** GOAL OF THE EXERCISE **
The reply should hold only the lines from the one with "Plate Rectangular Merci" to the one with "特にサンタ帽は、手軽に着用で", both ends kept, exactly as they appear below, without any pictures.

** SUPPLIED INFORMATION **

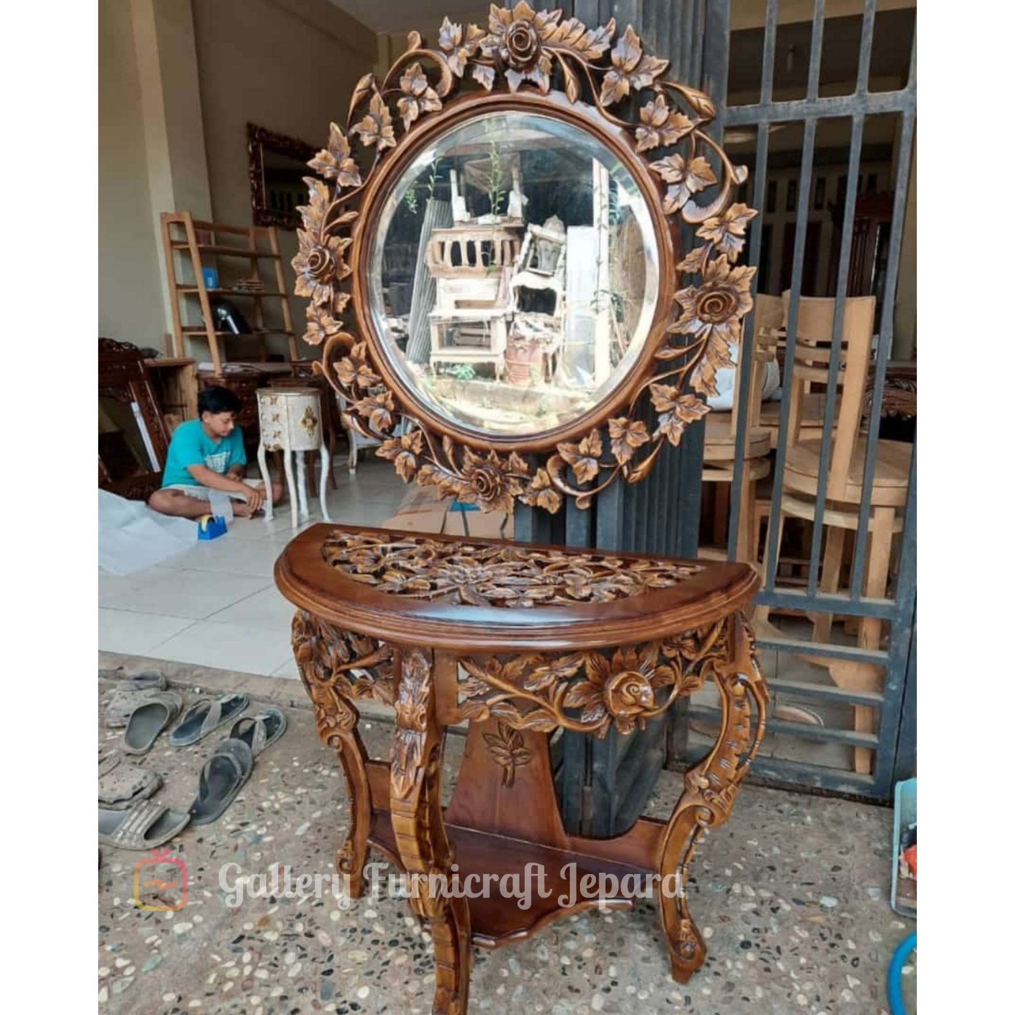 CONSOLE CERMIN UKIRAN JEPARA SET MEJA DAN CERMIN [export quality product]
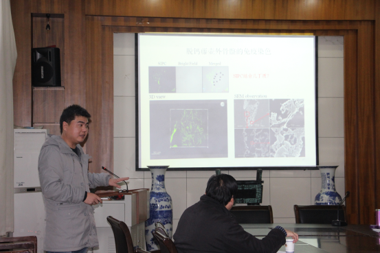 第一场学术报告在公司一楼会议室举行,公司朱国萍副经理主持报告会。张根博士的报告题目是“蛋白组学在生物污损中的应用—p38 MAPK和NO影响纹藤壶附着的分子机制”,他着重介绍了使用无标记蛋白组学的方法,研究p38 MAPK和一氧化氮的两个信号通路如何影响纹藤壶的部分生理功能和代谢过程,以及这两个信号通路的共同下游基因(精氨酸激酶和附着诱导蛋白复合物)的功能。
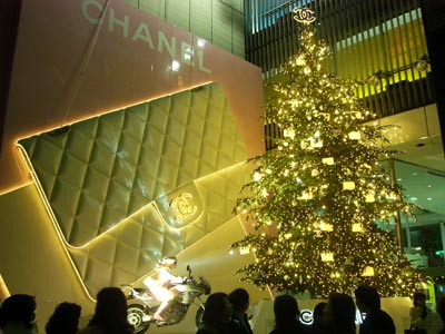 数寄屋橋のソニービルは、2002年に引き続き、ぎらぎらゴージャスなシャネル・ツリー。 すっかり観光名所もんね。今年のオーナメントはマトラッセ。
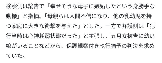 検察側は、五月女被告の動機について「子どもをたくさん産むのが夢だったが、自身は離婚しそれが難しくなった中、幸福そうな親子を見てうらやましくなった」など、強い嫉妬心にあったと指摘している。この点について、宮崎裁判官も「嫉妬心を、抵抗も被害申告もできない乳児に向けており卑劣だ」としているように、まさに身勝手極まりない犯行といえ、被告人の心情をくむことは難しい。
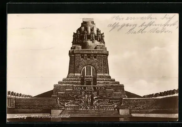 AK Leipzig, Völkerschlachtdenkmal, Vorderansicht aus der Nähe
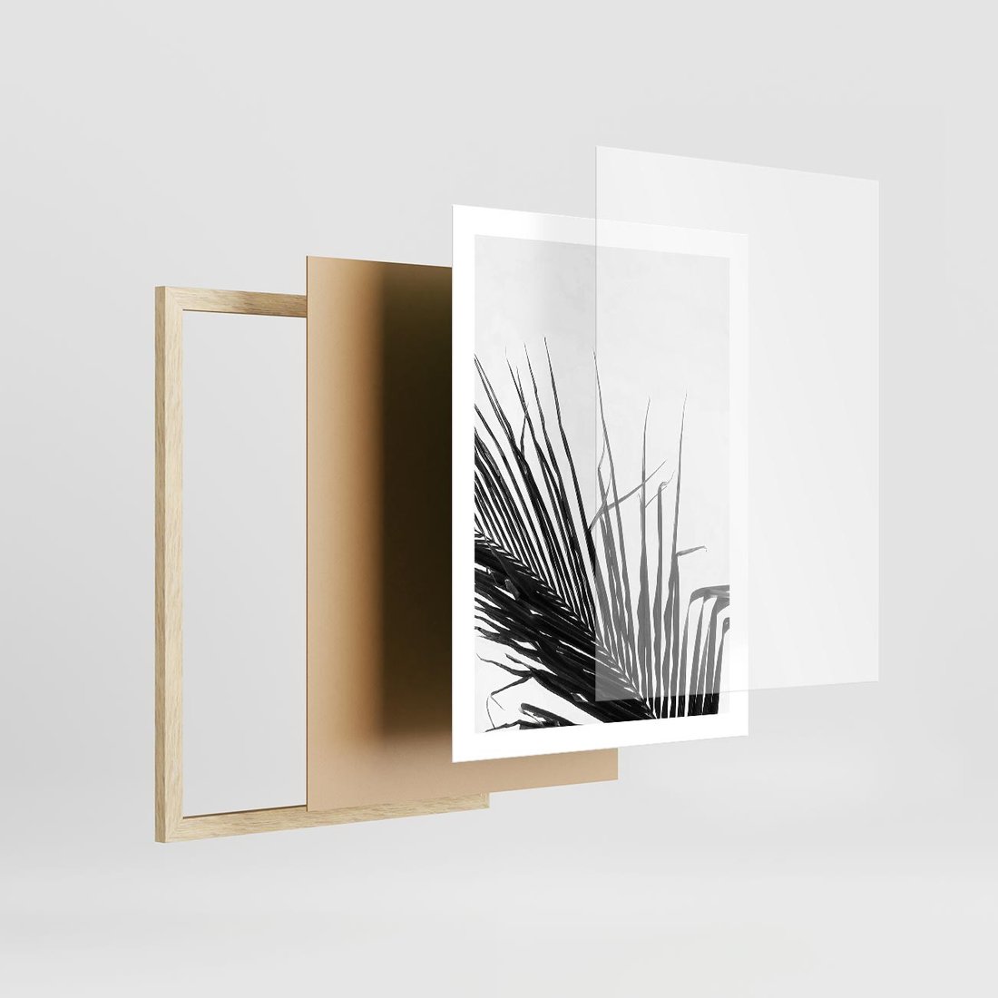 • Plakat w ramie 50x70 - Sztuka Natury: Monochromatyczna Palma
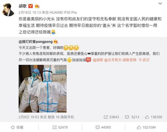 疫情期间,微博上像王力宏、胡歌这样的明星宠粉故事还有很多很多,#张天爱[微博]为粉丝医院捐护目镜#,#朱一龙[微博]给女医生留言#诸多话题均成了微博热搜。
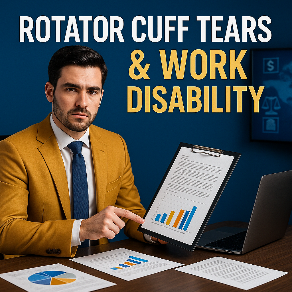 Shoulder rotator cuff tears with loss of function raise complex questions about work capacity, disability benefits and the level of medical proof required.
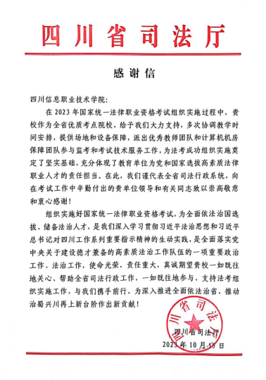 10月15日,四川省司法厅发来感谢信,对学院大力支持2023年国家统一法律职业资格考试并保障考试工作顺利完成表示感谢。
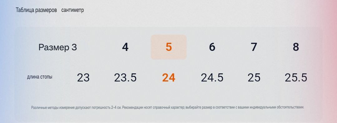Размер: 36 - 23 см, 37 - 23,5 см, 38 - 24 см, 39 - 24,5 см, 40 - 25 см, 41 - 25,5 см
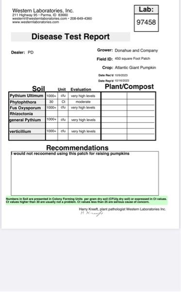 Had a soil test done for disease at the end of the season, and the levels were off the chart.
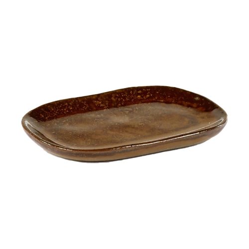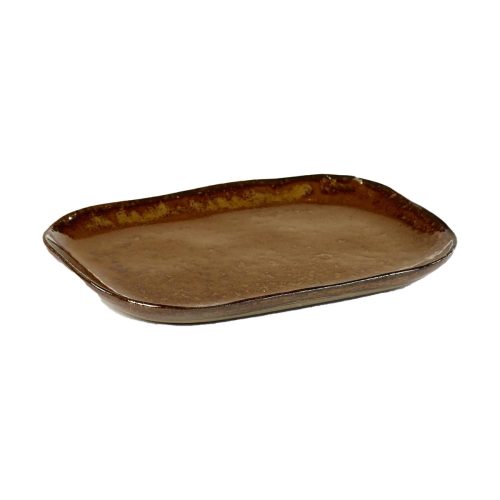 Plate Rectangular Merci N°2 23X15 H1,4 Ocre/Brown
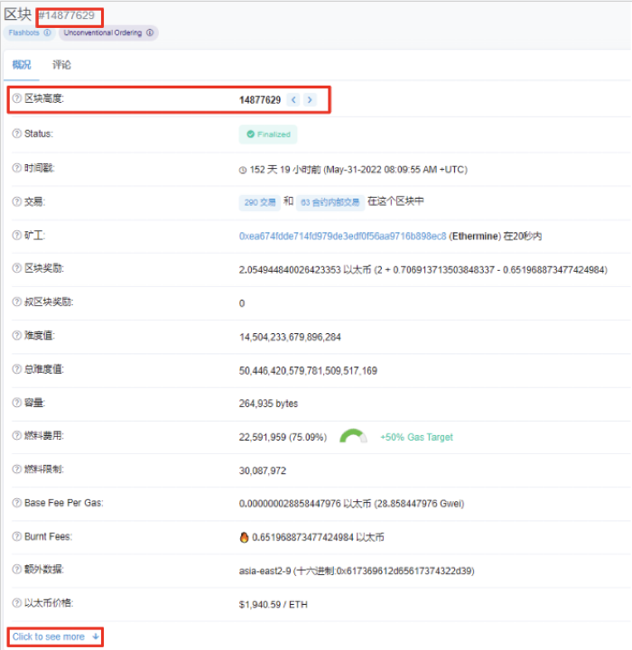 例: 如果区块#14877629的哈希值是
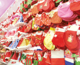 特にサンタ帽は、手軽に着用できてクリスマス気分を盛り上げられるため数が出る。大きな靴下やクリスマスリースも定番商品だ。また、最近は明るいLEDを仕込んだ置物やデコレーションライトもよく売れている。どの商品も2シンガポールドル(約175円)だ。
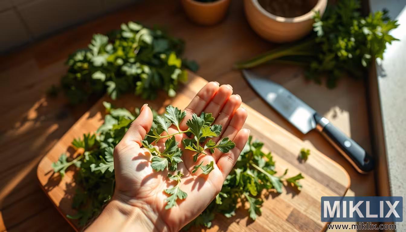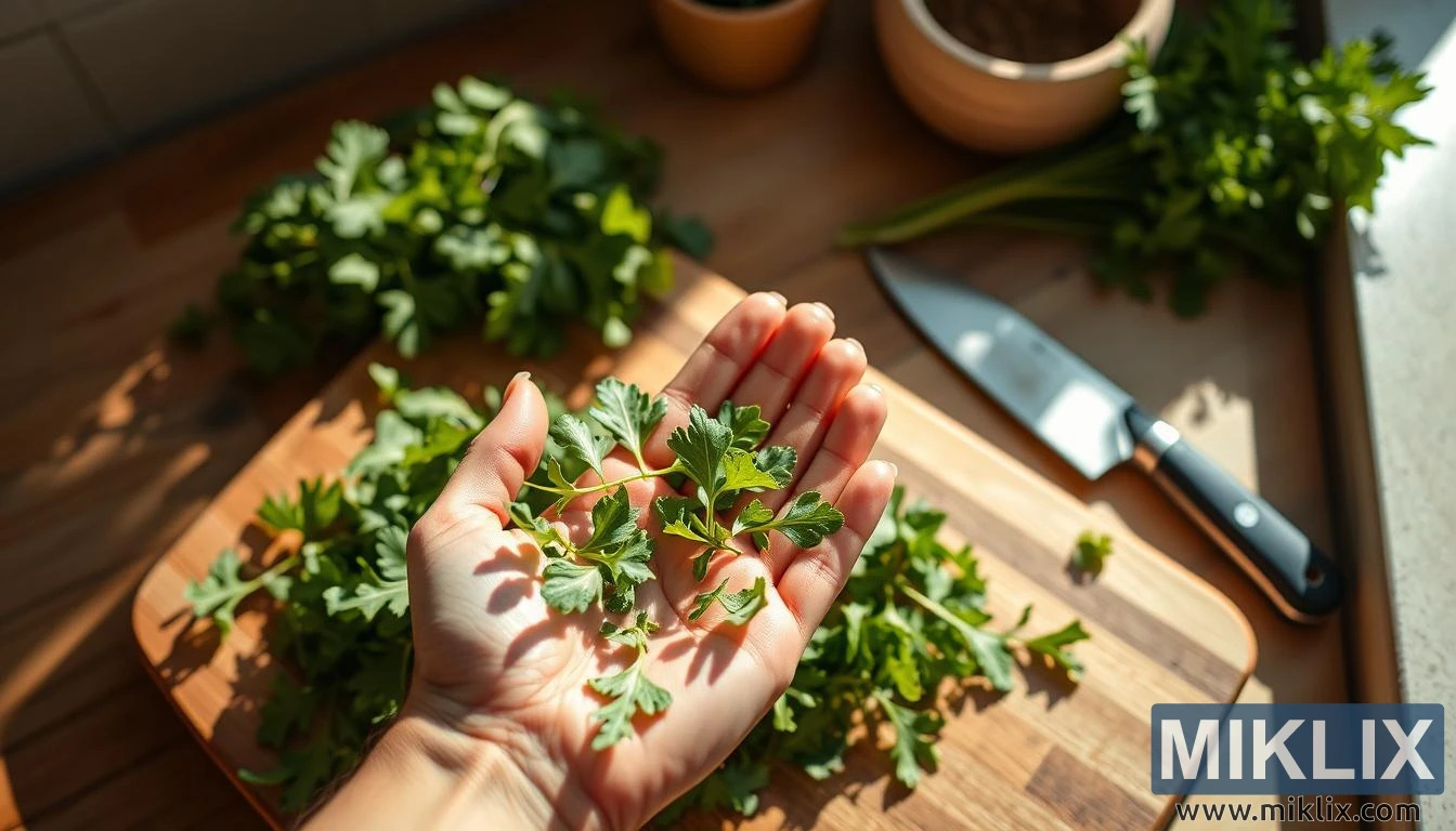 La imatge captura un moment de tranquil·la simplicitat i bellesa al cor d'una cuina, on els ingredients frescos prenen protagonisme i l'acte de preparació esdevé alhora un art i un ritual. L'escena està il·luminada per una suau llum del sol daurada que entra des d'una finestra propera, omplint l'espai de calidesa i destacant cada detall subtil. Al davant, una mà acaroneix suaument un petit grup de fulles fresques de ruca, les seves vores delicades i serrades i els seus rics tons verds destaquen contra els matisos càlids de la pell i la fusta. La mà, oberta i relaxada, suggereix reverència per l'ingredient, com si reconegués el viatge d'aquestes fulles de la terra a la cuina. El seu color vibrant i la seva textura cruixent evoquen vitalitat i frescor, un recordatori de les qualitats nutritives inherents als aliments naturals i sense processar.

** THE COMPLETED TASK **
 Plate Rectangular Merci N°2 23X15 H1,4 Ocre/Brown
 例: 如果区块#14877629的哈希值是
 特にサンタ帽は、手軽に着用できてクリスマス気分を盛り上げられるため数が出る。大きな靴下やクリスマスリースも定番商品だ。また、最近は明るいLEDを仕込んだ置物やデコレーションライトもよく売れている。どの商品も2シンガポールドル(約175円)だ。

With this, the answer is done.